Eleven years after de Villiers’s meeting with Sheikh Amr, he returned to Dubai in December 1987 to collect the final payment of $2 million from his son Bakhait. The assignment had cost him the lives of both his Clinic colleagues. Tadnams checked thoroughly but no whisper ever surfaced as to Davies’s fate. De Villiers did not waste time, nor gray hairs, on useless theories.

In a way the deaths of his colleagues, assuming Davies was dead, were a bonus. Not only would the Dubai payout remain all his but any threat in years to come from ghosts in his past was minimized.

Bakhait’s younger brother, the junior partner in their retailing empire, welcomed de Villiers but showed no interest in the purpose of his visit. That whole matter had nothing to do with anyone but Bakhait, who was absent. “He has been in Iran for seven months now. I have done all I can to have him released.”

“Released?” De Villiers did not understand.

“Yes. He is in the Gohar Dasht prison. The Pasdari, the Revolutionary Guards, arrested him on some pretext of spying for Iraq. It is, of course, untrue, although he spent much time on business in both countries. It is a trumped-up charge to earn foreign currency.”

“How so?” de Villiers asked.

“They knew I would send money to obtain his release. Those mullahs are devils.
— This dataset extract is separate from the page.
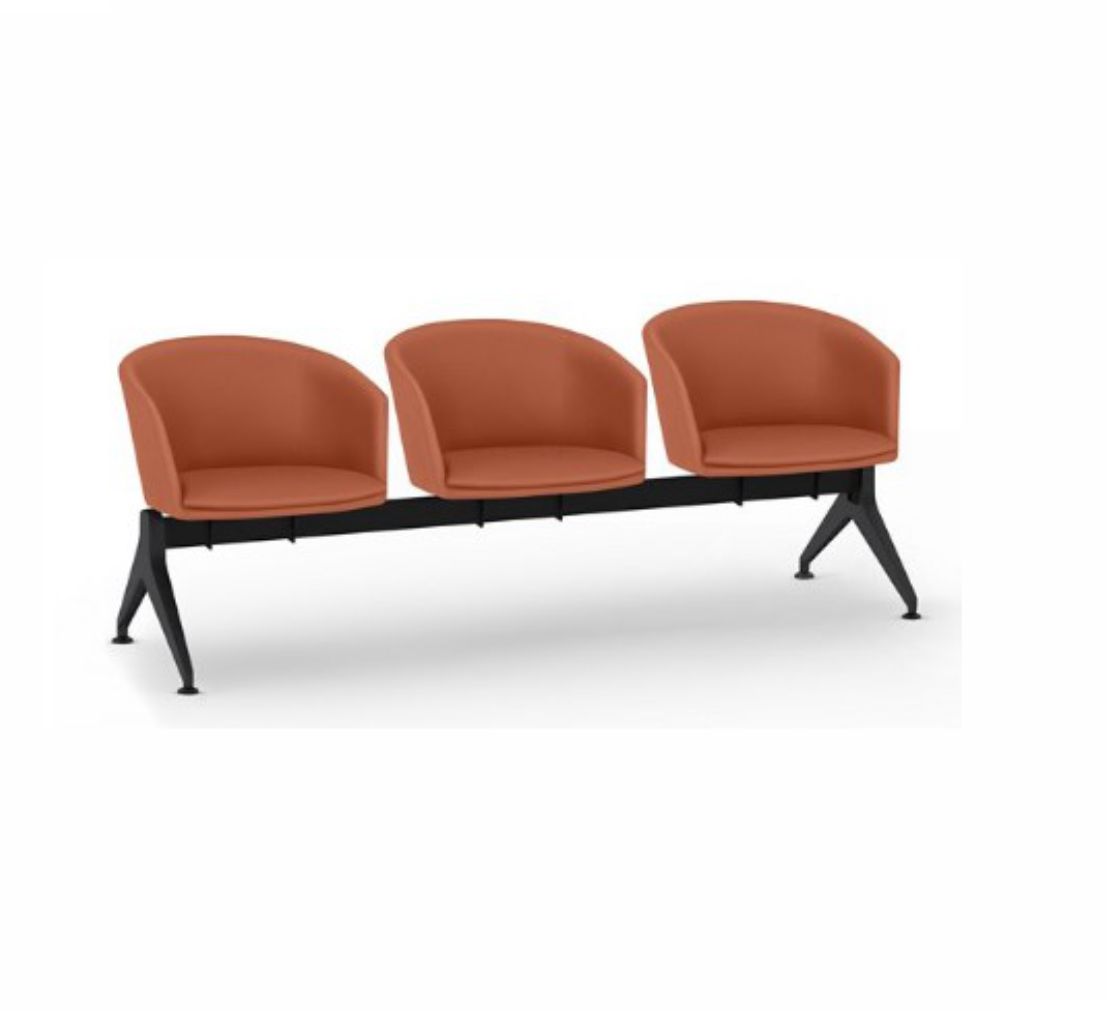 Base e mesinha de apoio de aço carbono com pintura preta ; Concha totalmente estofada em diversos revestimentos.

Each time they make contact, it is a different man and each time it is to say they need more money. To carry out an investigation into my brother’s innocence is, they maintain, a very expensive business.”
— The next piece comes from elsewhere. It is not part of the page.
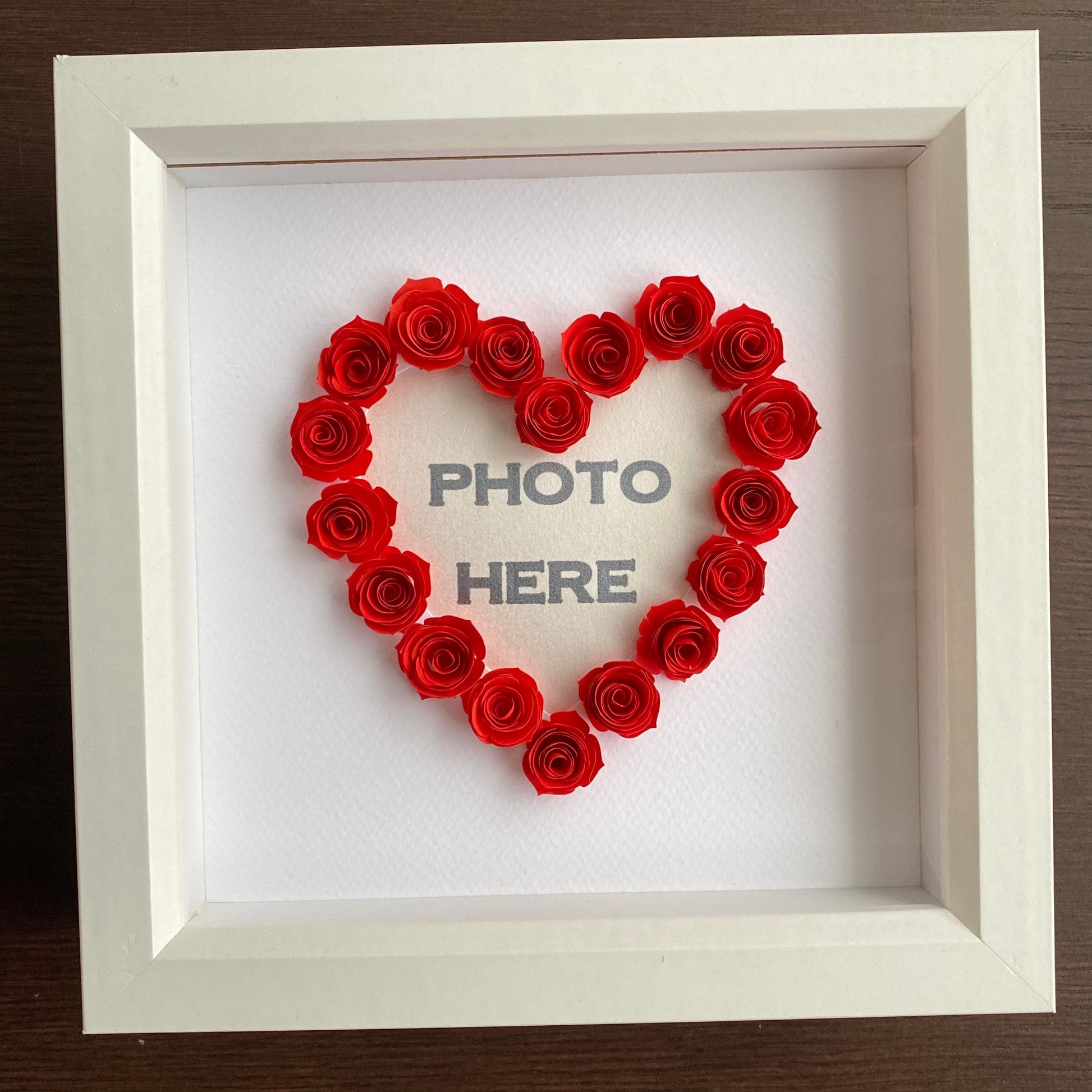 Rose heart photo frame which is made to order so can be created in the rose colour of your choice.

“So when will he be free?”

The Dhofari shook his head, his normally friendly face creased with worry. “All I get is promises. I dare not hope too much anymore. I continue to send the money and to look after his family. Insh’ Allah he does not suffer and will come back to us soon.”

De Villiers contained his feelings. There was no good to be had from venting his frustration. He was owed $2 million, and once he was paid, he was freed of any further involvement. No more contracts. No more contact with the agencies. Only Anne and La Pergole. He could see that fate had placed him in an impasse with no course of action other than patience. Bakhait was the only signatory to the checks and de Villiers was not about to bust Bakhait from an ayatollah’s jail.
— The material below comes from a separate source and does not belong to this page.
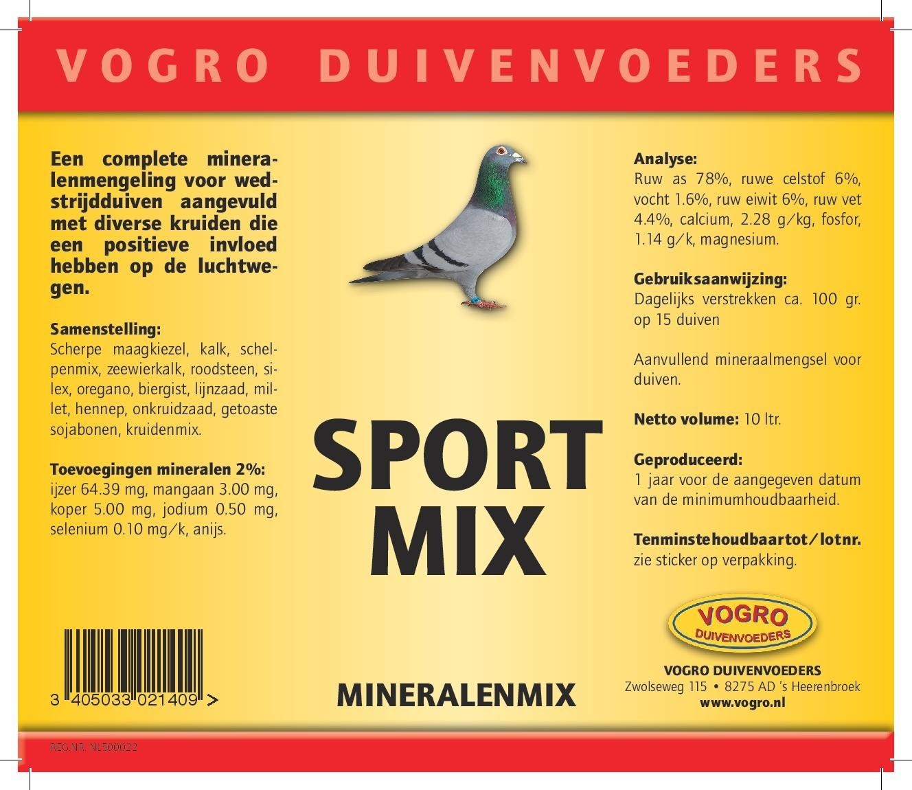 Sport Mix is een complete aanvullende mineralenmengeling voor wedstrijdduiven aangevuld met diverse kruiden die een positieve invloed hebben op de luchtwegen.

De Villiers left Dubai with the promise that, as soon as Bakhait was released and returned home, Bakhait’s younger brother would call him. He retained the video taken in Mac’s bedroom as well as the report on the Clinic’s relevant actions and Mac’s obituary in the Evening News, a local Hereford paper.

45

… In July 1990, on a cool and lovely day, they rode through the vineyards to the Vrede Huis ruins and enjoyed the sunset as they discussed the summer house they planned to build in the clearing.

Anne must have caught a cold, or so de Villiers thought at first. Flu followed, with a bad cough and breathlessness.

The doctor came but Anne did not respond to antibiotics. De Villiers drove her to the hospital with fullblown pneumonia, and an X ray showed that her lungs were infected by pneumocystis. There being nothing else wrong with her health, the doctors began to suspect the AIDS virus and, two days later, informed de Villiers that Anne was HIV positive. The doctors agreed that the source was likely to have been the blood transfusion she had received after the road accident four years before.

De Villiers was devastated. He felt personally to blame. Anne appeared to take the news calmly. “God will look after me,” she murmured. “Will you be able to visit me, my love?”

He vowed to stay with her. He telephoned hospitals and specialists in Europe and the United States. He wanted only the very best treatment for Anne and the most up-to-date drugs. They had no insurance to cover treatment for an incurable disease, and as full-time, unpaid foreman at La Pergole, he had earned no money for three years. Jan Fontaine had left many bad debts and although they had coped by eating into his invested capital and then by selling off parts of the estate, de Villiers knew he could not hope to pay for the top-class treatment he was determined Anne should receive. For the present they remained in South Africa and he visited her daily. He became an avid reader of medical journals on all AIDS-related topics, searching for mentions of hopeful-sounding breakthroughs.